The Fusion Power Generator Scenario

Suppose, a few years from now, I prompt GPT-N to design a cheap, simple fusion power generator—something I could build in my garage and use to power my house. GPT-N succeeds. I build the fusion power generator, find that it works exactly as advertised, share the plans online, and soon the world has easy access to cheap, clean power.

One problem: at no point did it occur to me to ask “Can this design easily be turned into a bomb?”. Had I thought to prompt it with the question, GPT-N would have told me that the design could easily be turned into a bomb. But I didn’t think to ask, so GPT-N had no reason to mention it. With the design in wide use, it’s only a matter of time until people figure it out. And so, just like that, we live in a world where anyone can build a cheap thermonuclear warhead in their garage.

This scenario highlights a few key constraints which I think are under-appreciated in alignment today.

Sharing Information is Irreversible

I’ve heard people say that we can make AI safe(r) by restricting the AI’s action space to things which we can undo. Problem is, sharing information is irreversible; once the cat is out of the bag, there’s no getting it back into the bag. And if an AI can’t share information, there’s very little that it can do. Not much point in an AI which just can’t do anything observable at all. (One could design an AI to “move in mysterious ways”, but I have trouble imagining that it ends up safer that way.)
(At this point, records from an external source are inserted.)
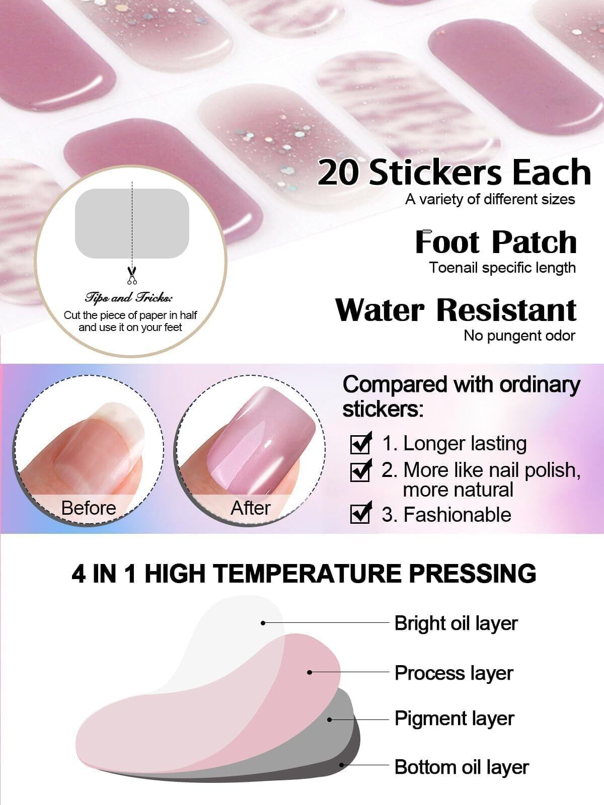 【使いやすい】当社のUVネイルジェルステッカーは本物の液体ジェルで作られており、事前に半硬化しています。 半硬化ジェルネイルラップステッカーは、貼り付け、やすりで削るのが簡単で、UVライトで硬化します。 わずか数分でサロン品質のネイルアートが完成します。 木の棒や指で簡単に剥がすことができます。
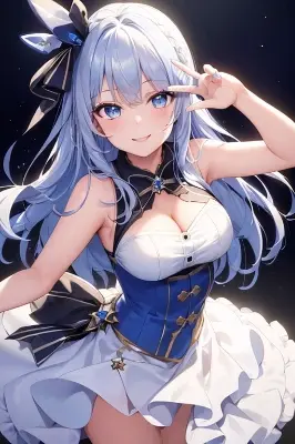 (best quality, masterpiece_1.2), one young girl, dark blue hair, purple eyes, smile, white dress, mini skirt, wave hands, mark in eyes, holding a mic, full body view, dancing, highly detailed face and eyes, clearly outlined, single character, long hair,
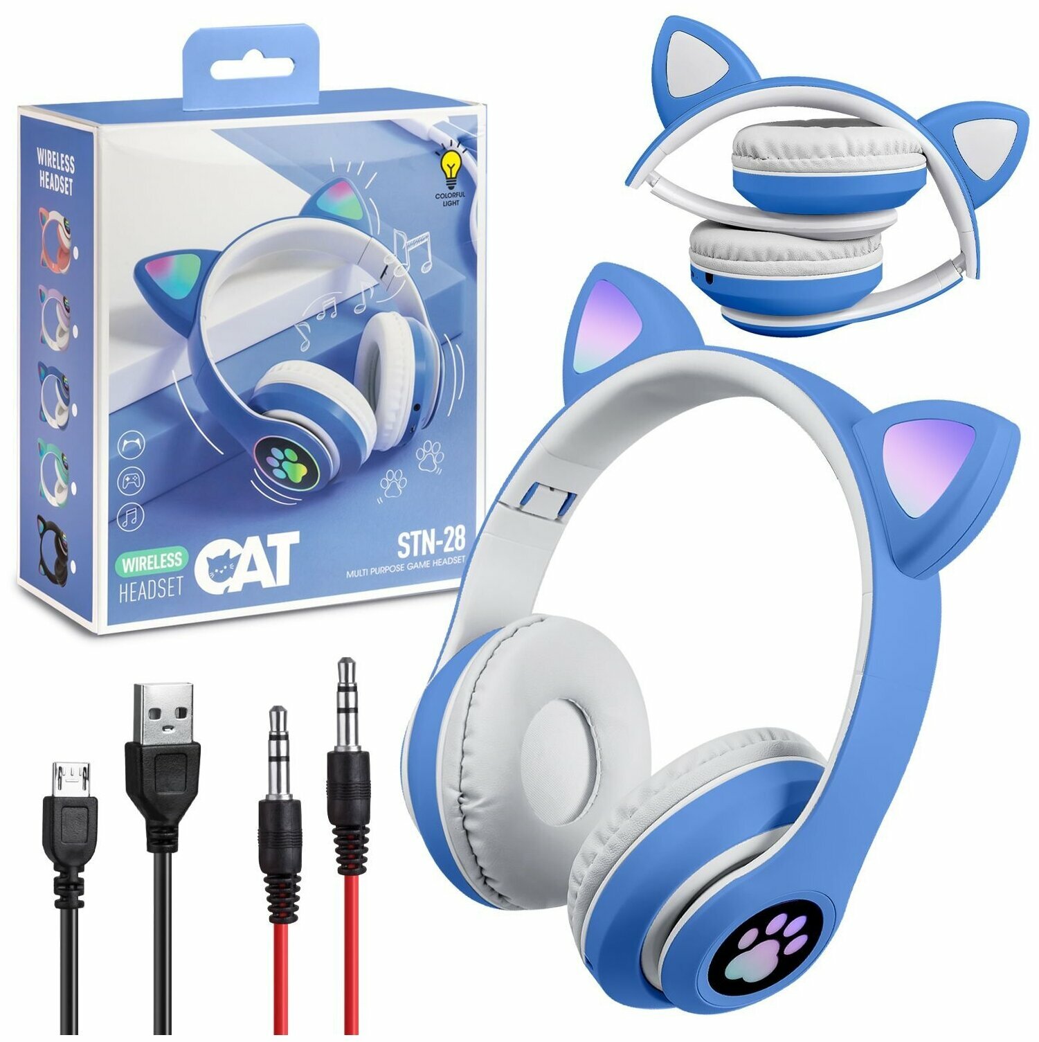 Беспроводные наушники Bluetooth CAT STN-28 со светящимися кошачьими ушками и лапками, детские (Синие)
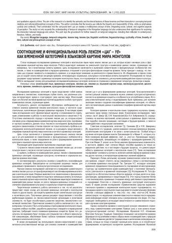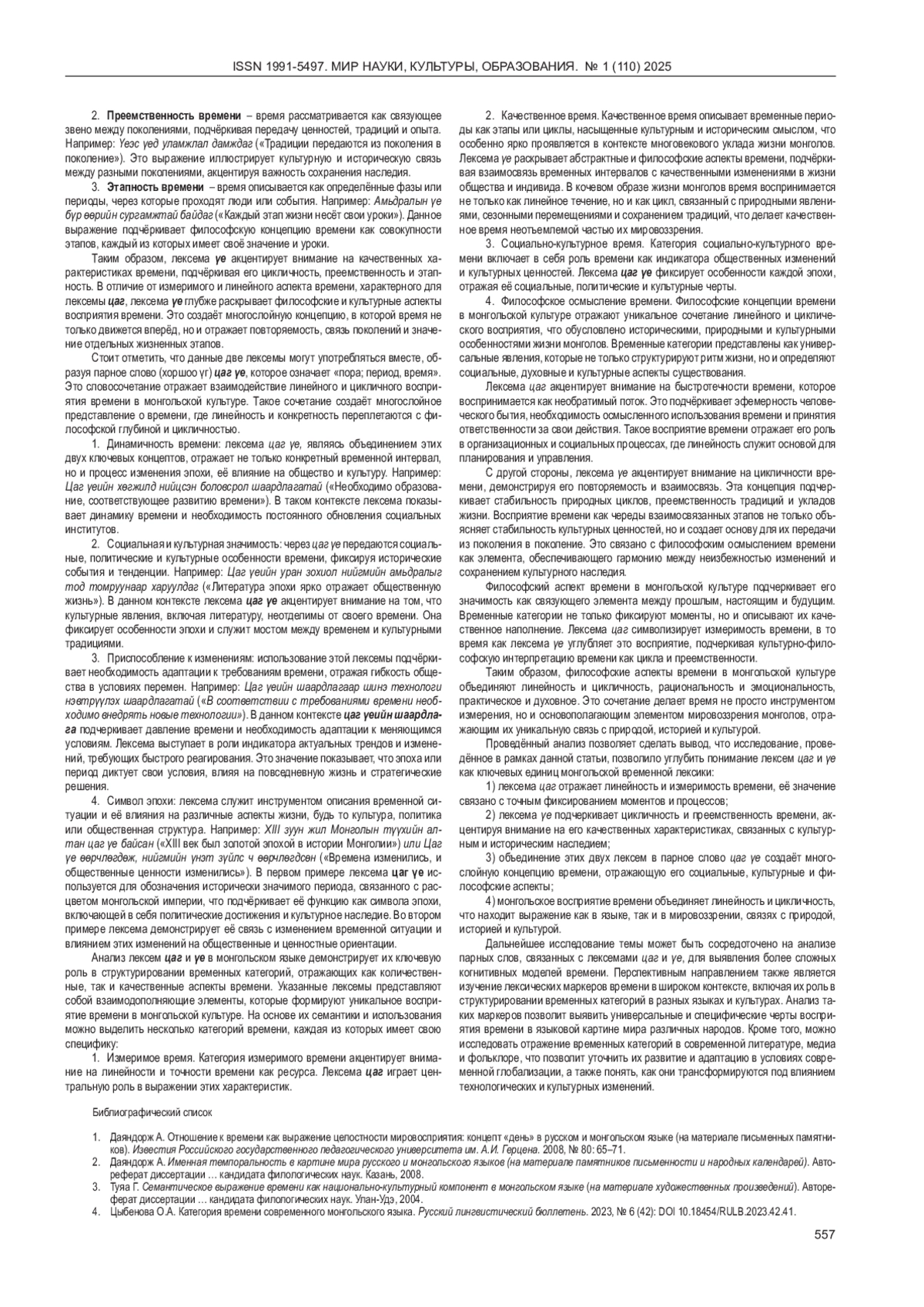 4. 	Цыбенова О.А. Категория времени современного монгольского языка. Русский лингвистический бюллетень. 2023, № 6 (42):. DOI: 10.18454/RULB.2023.42.41
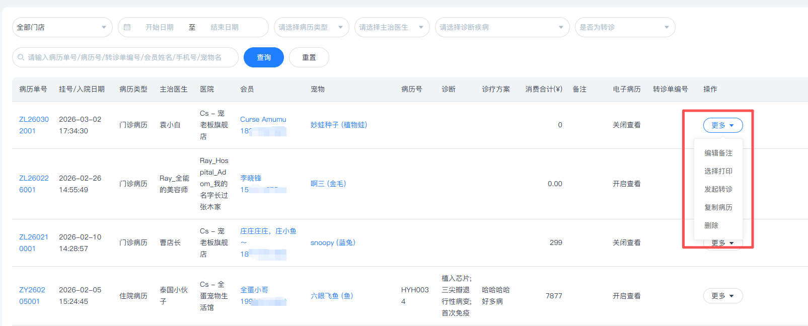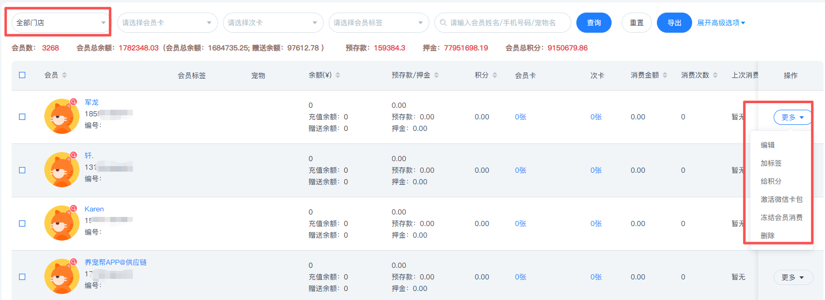 支持总部查看并编辑所有分店的会员信息、宠物信息

This is a problem when information itself is dangerous, e.g. knowledge of how to build a thermonuclear warhead in one’s garage.

Humans Are Not Safe

Two key properties of humans:

  • We do not have full introspective understanding of our own wants

  • We do not have the processing power to fully understand the consequences of changes

Sometimes, we get something we thought we wanted, and find out that we don’t want it after all. Either we misunderstood our own wants, or misunderstood the full implications of the change.

Most of the time, this isn’t that huge an issue. We lose some money and/​or time, but we move on.

But if a human is capable of making large, irreversible changes to the world, then the problem becomes more serious. A human with access to powerful AI—even something as conceptually simple as GPT-N—is capable of making large irreversible changes, and they do not have the processing power to fully understand the implications of those changes. In general, a human won’t even know the right questions to ask. So, if a system’s safety relies on a human asking the right questions, then the system is not safe.

In particular, this is relevant to the HCH family of alignment schemes (e.g. IDA), as well as human-imitating AI more broadly.

Corollary: Tool AI Is Not Inherently Safe

Tool AI, in particular, relies primarily on human operators for safety. Just like a tablesaw is safe if-and-only-if the operator uses it safely, tool AI is safe if-and-only-if the operator uses it safely.

With a tablesaw, that’s usually fine. It’s pretty obvious what sorts of things will lead to bad outcomes from a tablesaw. But the big value-proposition of powerful AI is its ability to reason about systems or problems too complicated for humans—which are exactly the systems/​problems where safety issues are likely to be nonobvious. If we’re going to unlock the full value of AI at all, we’ll need to use it on problems where humans do not know the relevant safety issues. So: if the system’s safety relies on a human using it safely, then it’s not safe.

If you want a concrete, evocative analogy: picture a two-year-old playing on top of a tablesaw.

That said, people are designing tablesaws which auto-stop when skin contacts the blade. In general, a system’s designers may understand the relevant safety issues better than the operators. Indeed, since the first AGIs will be built by humans, any approach to AI safety ultimately relies on human designers asking the right questions. Point is: we can’t avoid the need for designers to ask (at least some of) the right questions upfront. But needing the designers to ask the right questions once is still a lot better than needing every user to ask the right questions every time they use the system.

(This perspective ties in nicely with AI alignment as interface design: if an interface offers an easy-to-overlook way to cut your hand off, and relies on users not doing so, then that’s a design problem.)

Safe tool AI could potentially be built, but safety won’t happen by itself any more than it would for other kinds of AI.

Generalization: Great Power, Great Responsibility

Finally, note that none of this is an issue if GPT-N can’t design fusion power generators (or garage warheads) at all. In general, it is easy to come up with designs for probably-safe AIs which just can’t do anything all that impressive. The greater an AI’s capabilities, the more precisely and reliably it needs to be aligned to human values.

In particular, the “capabilities” relevant here are an AI’s abilities to reason about systems too complicated for humans or solve problems too complicated for humans. It’s the complexity that matters; the inability of humans to fully understand all the implications of the AI’s reasoning/​solutions is exactly what makes humans unreliable judges of safety. So, the greater the complexity of systems/​problems an AI can handle, the more important it is for that AI to have its own model of what-humans-want, and to align its solutions with that model.